Buck waved the barmaid over and asked for chips. She brought him a heaping, greasy mass. It was just what he wanted. The ale had worked on him and the sandwich had not been enough to counteract it. He felt light-headed, and he was afraid he might not be hungry again for a long time.
“I’m listening,” he whispered. “What are you trying to tell me? Who’s gotten to you?”
“If you believe me, you won’t like it.”
“I have no reason not to believe you and I already don’t like it. Now spill.”
“Dirk’s death was ruled a suicide and that was that. Scene cleared, body cremated. I asked about an autopsy and was laughed off. My superior officer, Captain Sullivan, asked what I thought an autopsy would show. I told him abrasions, scrapes, signs of a struggle. He asked if I thought it made sense that a bloke would wrestle with himself before shooting himself. I kept the personal knowledge to myself.”
“Why?”
“I smelled something.”
“What if I put a story in an international magazine that pointed out the discrepancies? Something would have to happen.”
“I have been told to tell you to go home and forget you ever heard about this suicide.”
Buck squinted in disbelief. “Nobody knew I was coming.”

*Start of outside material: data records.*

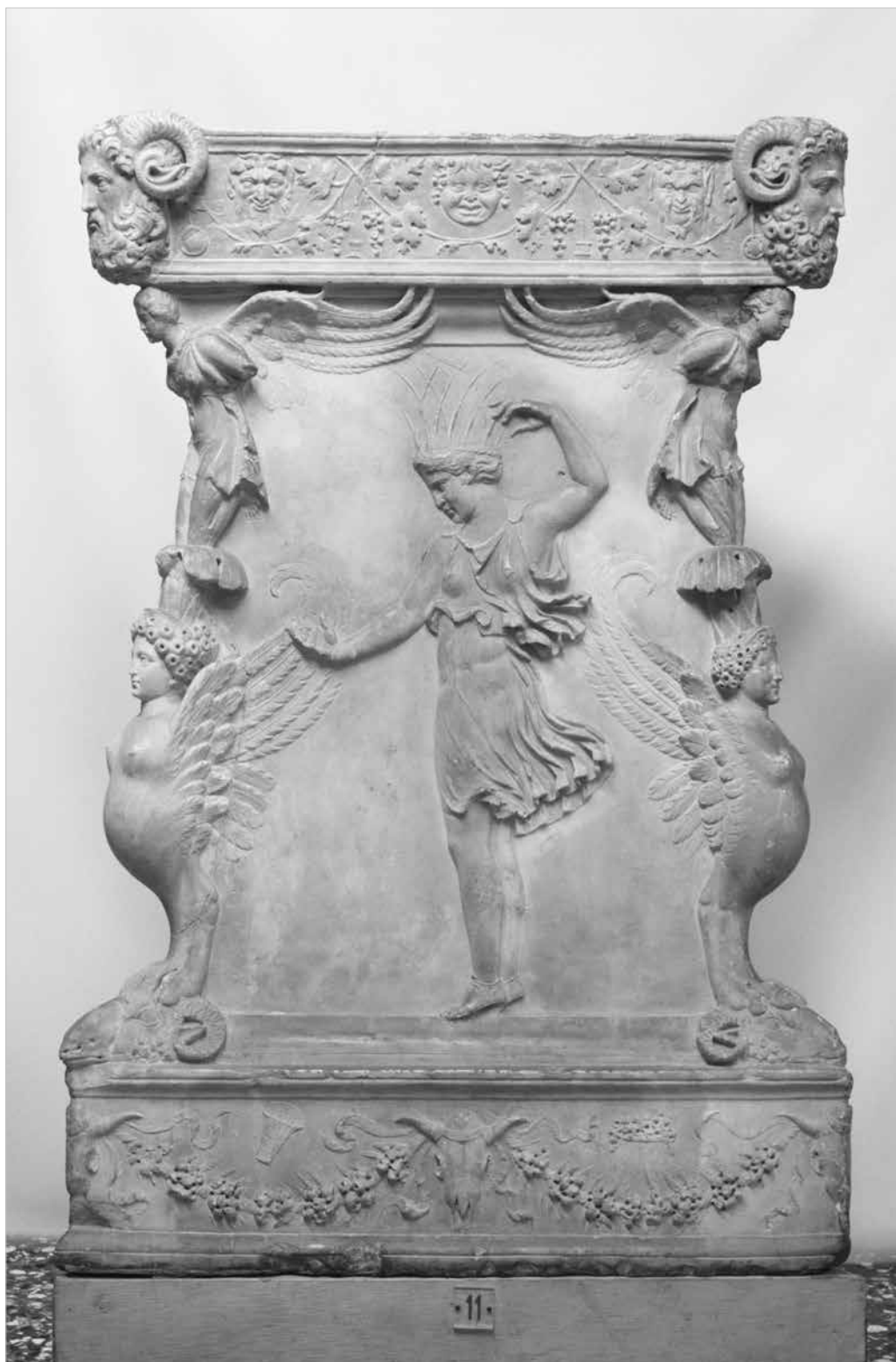
Base di candelabro con figura di danzatrice con kalathiskos (media età antoniniana). Venezia, Museo Archeologico Nazionale.
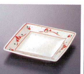
ム-18219 619608 1,350円 粉引赤絵5.0正角皿 50入 16.8×16.8×2.4cm
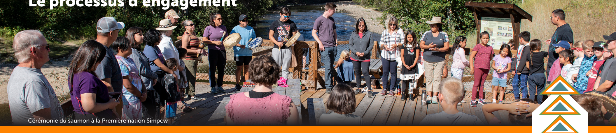
Cérémonie du saumon à la Première nation Simpcw
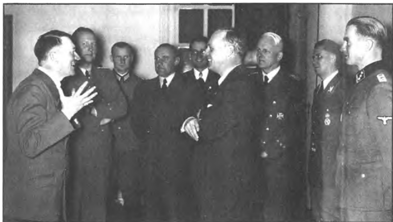
Гитлер и Риббентроп (в центре) вместе радуются заключению «Пакта о ненападении» между Россией и Германией. Август, 1939 год.
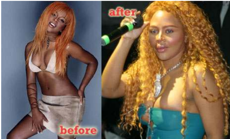
Bild 2. Lil' kim – amerikansk artist vars fans spekulerar om huruvida hon bleker sin hy eller inte
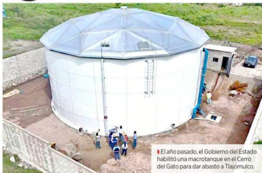
El año pasado, el Gobierno del Estado habilitó una macrotanque en el Cerro del Gato para dar abasto a Tlajomulco.

El año pasado comenzaron los trámites de conectividad al Siapa de tres polígonos: fraccionamientos del corredor de Carretera a Chapala, como Paseo de los Aga-
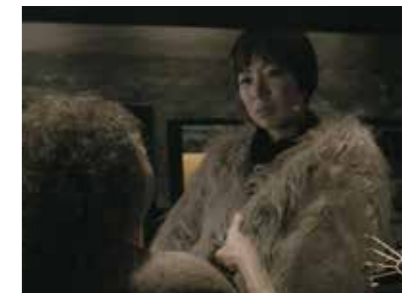
和田昌宏(Masahiro Wada) 本作品より

Screening of the video work, Nothing spring to mind as a name by Masahiro Wada Masahiro Wada presents a new science-fiction film that blends documentary with fiction.
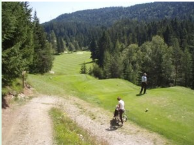
Loch 18 (Par 4, 277m)

“I think that’s true, but somebody assumed you might show up. I wasn’t surprised you came.”
“Why should you be? My friend is dead, ostensibly by his own hand. I wasn’t going to ignore that.”
“You’re going to ignore it now.”
“You think I’m going to turn coward just because you did?”
“Cameron, you know me better than that.”
“I wonder if I know you at all! I thought we were kindred spirits. We were justice freaks, Alan. Seekers of truth. I’m a journalist; you’re an investigator. We’re skeptics. What is this running from the truth, especially when it concerns our friend?”
“Did you hear me? I said I was told to call you off, if and when you showed up.”
“Then why did you let me come to the Yard?”
“I’d have been in trouble if I had tipped you off.”
“With whom?”
“I thought you’d never ask. I was visited by what you in America call a goon.”
“A heavy?”
“Precisely.”
“He threatened you?”
“He did. He said if I didn’t want what had happened to my friend to happen to me or to my family, I would do as he said. I was afraid he was the same guy who had murdered Dirk.”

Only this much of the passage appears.